4. In some cases, you can run credit checks on potential employees:

“The ease of obtaining information in the current electronic age has made it very simple for employers to routinely check whether an applicant has any criminal record and also to check the applicant’s credit history. While this information can certainly be put to fair and good use by prospective employers, the federal Fair Credit Reporting Act … [has] certain notice and disclosure requirements that must be followed in order to avoid any potential liability when an employer uses this information as part of the hiring process.” (From Checking Applicants’ Criminal And Credit Histories? Make Sure You Follow The Rules by Hopkins & Carley) 
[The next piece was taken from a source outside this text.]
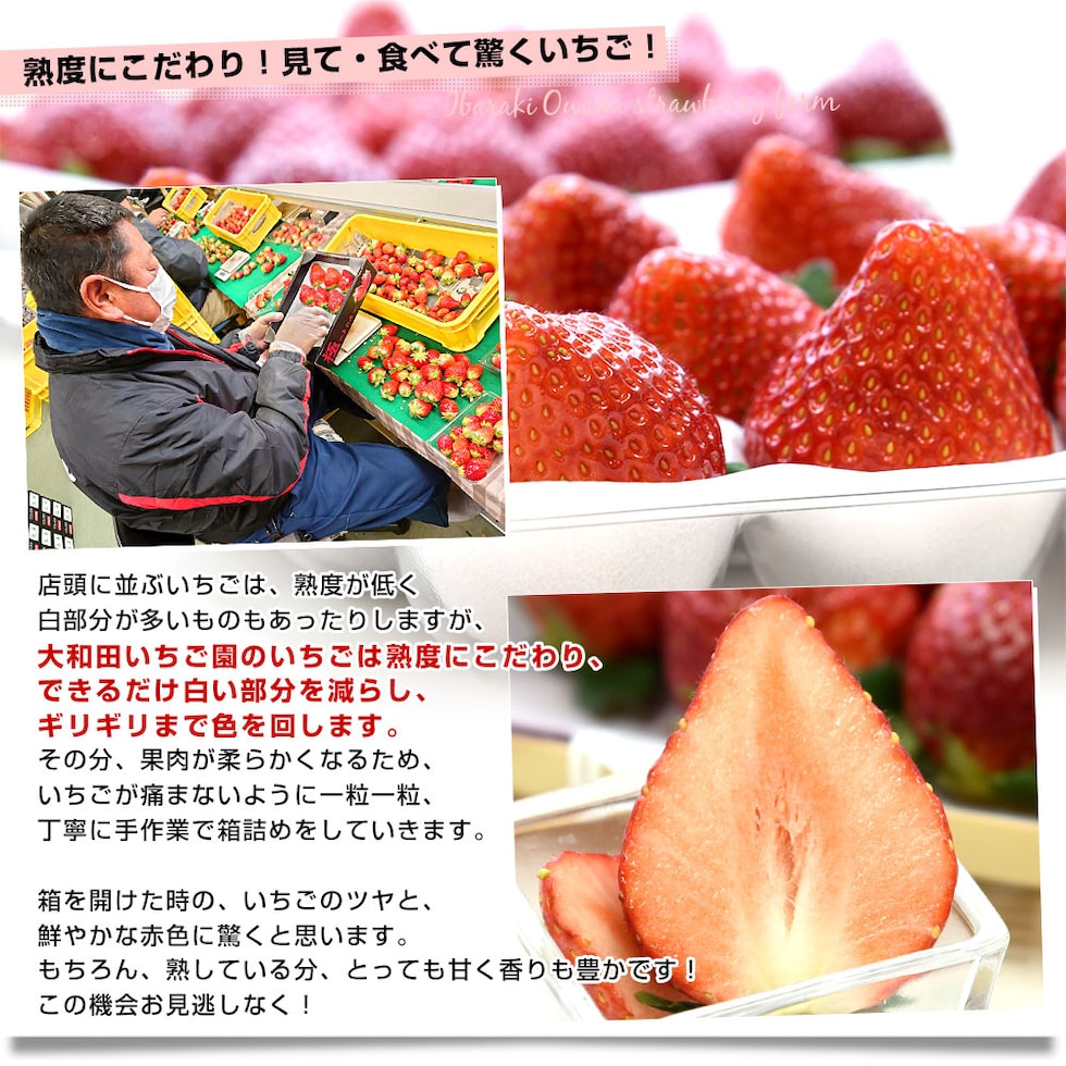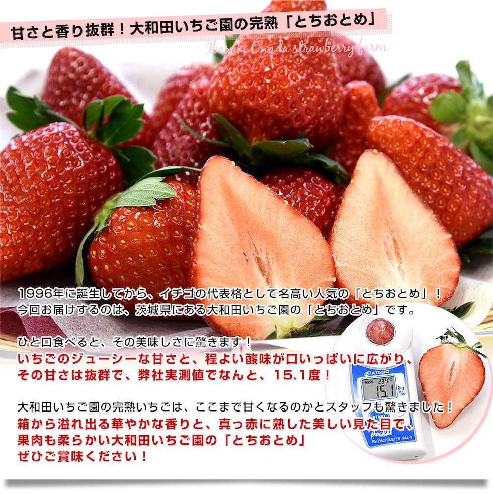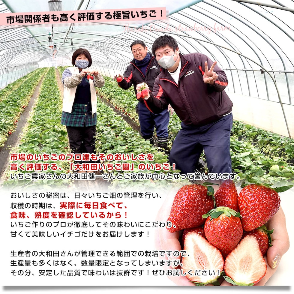 大和田いちご園の完熟いちごはここまで甘くなるのかとスタッフも驚いた、極上の「とちおとめ」をお届けします。市場関係者の間でも評価が高い、味・食感ともに抜群のいちごです。ぜひご賞味ください!

5. Unless you’re in California, Connecticut, Maryland, and a handful of other states, in which case you cannot:

“On October 9, 2011, California Governor Jerry Brown signed a bill that dramatically limits the circumstances under which an employer may use consumer credit information in connection with hiring and employment decisions in California… [joining] Connecticut, Illinois, Hawaii, Maryland, Oregon, and Washington, all of which states restrict the use of credit reports for employment purposes.” (From California Restricts Use of Consumer Credit Reports for Employment Purposes by Morrison & Foerster LLP) 

“The Maryland Job Applicant Fairness Act prohibits employers from using an applicant’s or employee’s credit report or credit history in determining whether to deny employment; discharge an employee; or determine compensation, terms, conditions or privileges of employment.” (From Maryland To Restrict Credit Reports In Employment Decisions by Duane Morris LLP) 

“The Connecticut Legislature recently passed a law prohibiting employers from requiring an employee or prospective employee to consent to a request for a credit report that contains information about the employee or prospective employee’s credit score, credit account balances, payment history, savings or checking account balances or savings or checking account numbers as a condition of employment.” (From Connecticut Passes Law Narrowing Scope Of Background Checks by Siegel, O’Connor, O’Donnell & Beck, P.C.)